Biscayne 21, Edgewater Miami

They held because the original declaration, recorded in 1974, required unanimous consent. That single sentence written by attorneys nobody remembers turned out to be worth more than anything else in the building.

Most owners have no idea what their declaration says on this point. Developers always do. That asymmetry is not incidental. It is structural.

The older waterfront corridor in Miami, from Brickell through Edgewater and up through the upper east side, is carrying a significant inventory of buildings that fit the profile. The Surfside legislation has added financial urgency to what was already a land value story. Special assessments that run into tens of thousands per unit are no longer hypothetical in these buildings. They are arriving. And when they do, the ownership bases that are least able to absorb them are exactly the ones that developers have already identified as most likely to move.

If you own in one of these buildings, the question worth asking is not whether your building is on someone’s list.
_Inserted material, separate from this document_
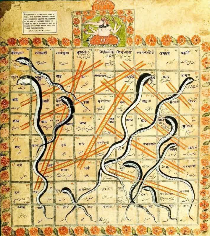 به تصویری از یک صفحه‌ی بازی مار و پله هند، به سال ١٨٩۵ میلادی (۱۲۷۴ شمسی) توجه کنید که متن داخل خانه‌ها به فارسی نوشته شده است.
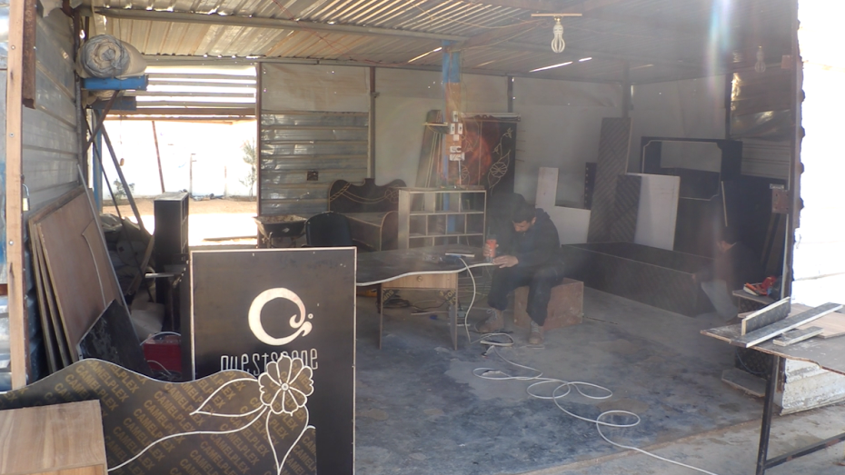 اللاجئ في المخيم أبو كرم يؤكد أن ما دفعه إلى العمل في التنجيد والتفصيل في محل يملكه داخل المخيم، هو استمرار الحرب في سورية، كإشارة منه إلى ضرورة التعامل مع واقعهم كلاجئين، مؤكدا أن غالبية اللاجئين في المخيم دفعتهم الفكرة نفسها إلى العمل كل في مهنته.

It is what your declaration actually says, whether it has been amended since it was originally recorded, and whether any single entity has been quietly accumulating units in your ownership register. Sometimes through different LLC names that do not immediately read as a single buyer unless you are looking closely. All of that is knowable before a termination notice arrives. Almost nobody looks until after.

By the time the conversation becomes public, the spreadsheet has already been built, the units have already been tracked, and the outcome is often closer than it appears.